Question

The equation 5 over 3x + 11 over 3 = − 4 over 3 is solved as follows. Fill in the correct numbers to complete the solution.

5/3x = ?

x= -3

Answer 1

[AI-generated answer — Bot GPT 3.5]

To solve the equation, we need to isolate the variable x.

Starting with the equation:
5/3x + 11/3 = -4/3

Subtracting 11/3 on both sides:
5/3x = -15/3 - 11/3
5/3x = -26/3

Dividing both sides by 5/3:
x = (-26/3) / (5/3)

To divide fractions, we multiply by the reciprocal of the denominator:
x = (-26/3) * (3/5)
x = -26/5

So, the solution to the equation is x = -26/5.

Answer 2

[AI-generated answer — Step-by-Step Bot]

To solve the equation 5/3x + 11/3 = -4/3, we need to isolate the variable x.

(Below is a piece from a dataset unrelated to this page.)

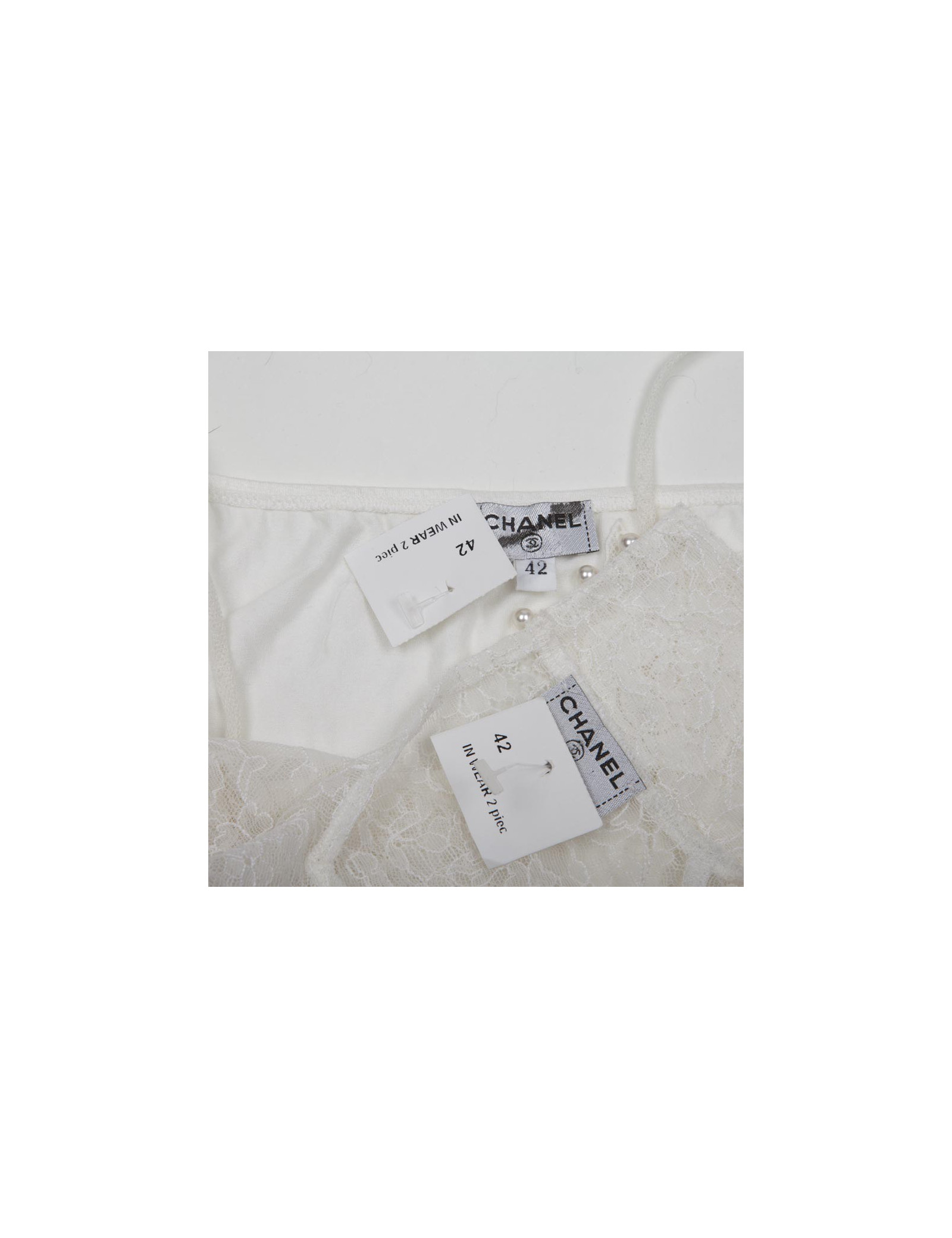 CHANEL T 42 blouse in off-white lace and its cotton caraco

First, let's subtract 11/3 from both sides of the equation:

5/3x + 11/3 - 11/3 = -4/3 - 11/3

Simplifying this, we get:

5/3x = -15/3

Next, let's simplify the right side of the equation:

5/3x = -5

Now, to solve for x, we need to multiply both sides of the equation by the reciprocal of 5/3, which is 3/5:

(3/5)(5/3x) = (3/5)(-5)

Simplifying this, we get:

1x = -3

Therefore, the solution to the equation is x = -3.

Answer 3

[AI-generated answer — Explain Bot]

To solve the equation, we need to isolate the variable x on one side. Let's break down the steps:

1. Start with the given equation: 5/(3x) + 11/3 = -4/3.

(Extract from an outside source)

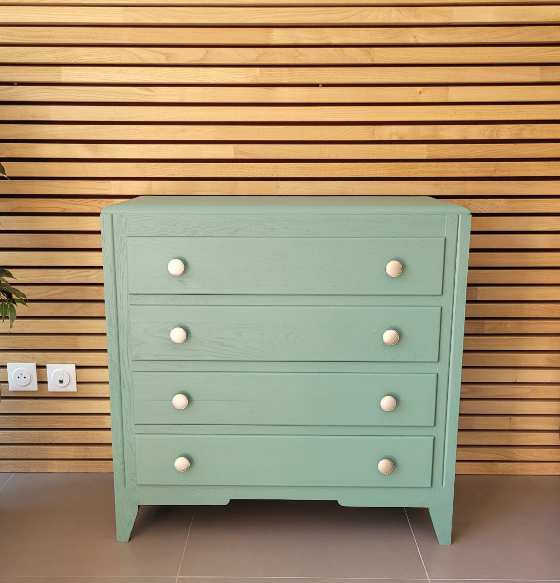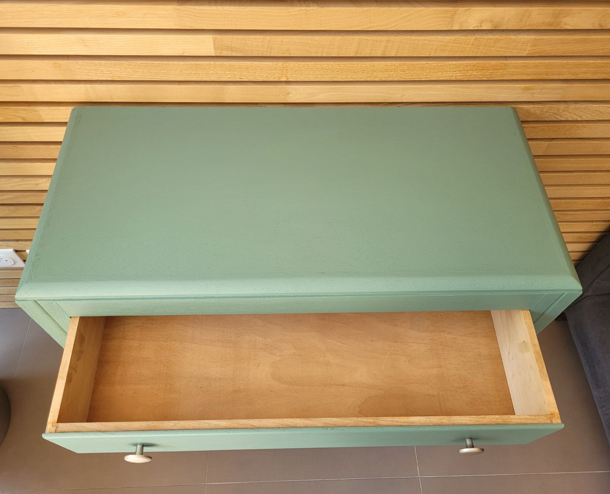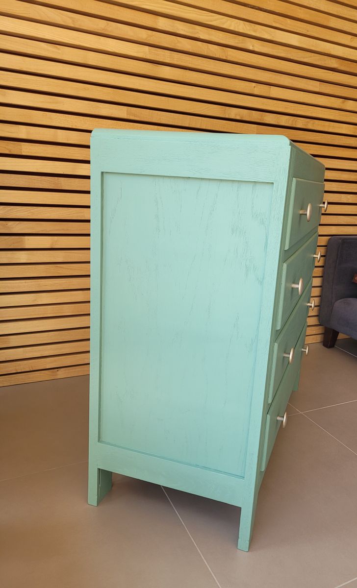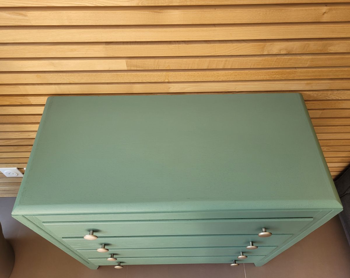 Grande commode vintage années 60 en bois massif. Elle a été entièrement restaurée: nettoyée, poncée repeinte dans la nuance "glaz" de chez Ressource (mate légèrement satinée). La commode est en très bon état. Les boutons en aluminium sont d'origine. Le meuble est sain, stable et propre. Les tiroirs coulissent parfaitement.

2. To eliminate the fraction with x in the denominator (3x), we can multiply both sides of the equation by 3x. This will result in:

(3x) * 5/(3x) + (3x) * 11/3 = (3x) * (-4/3).

Simplifying:

5 + (11/3) * 3x = -4x.

3. Distribute the multiplication: (11/3) * 3x = 11x, and (-4/3) * (3x) = -4x.

So the equation becomes:

5 + 11x = -4x.

4. Now, let's isolate the x terms by moving the -4x to the other side of the equation:

5 + 11x + 4x = 0.

Combine like terms:

15x + 5 = 0.

5. Next, subtract 5 from both sides of the equation:

15x = -5.

6. Finally, divide each side of the equation by 15 to solve for x:

x = (-5)/15.

Simplifying:

x = -1/3.

Thus, the solution to the equation is x = -1/3.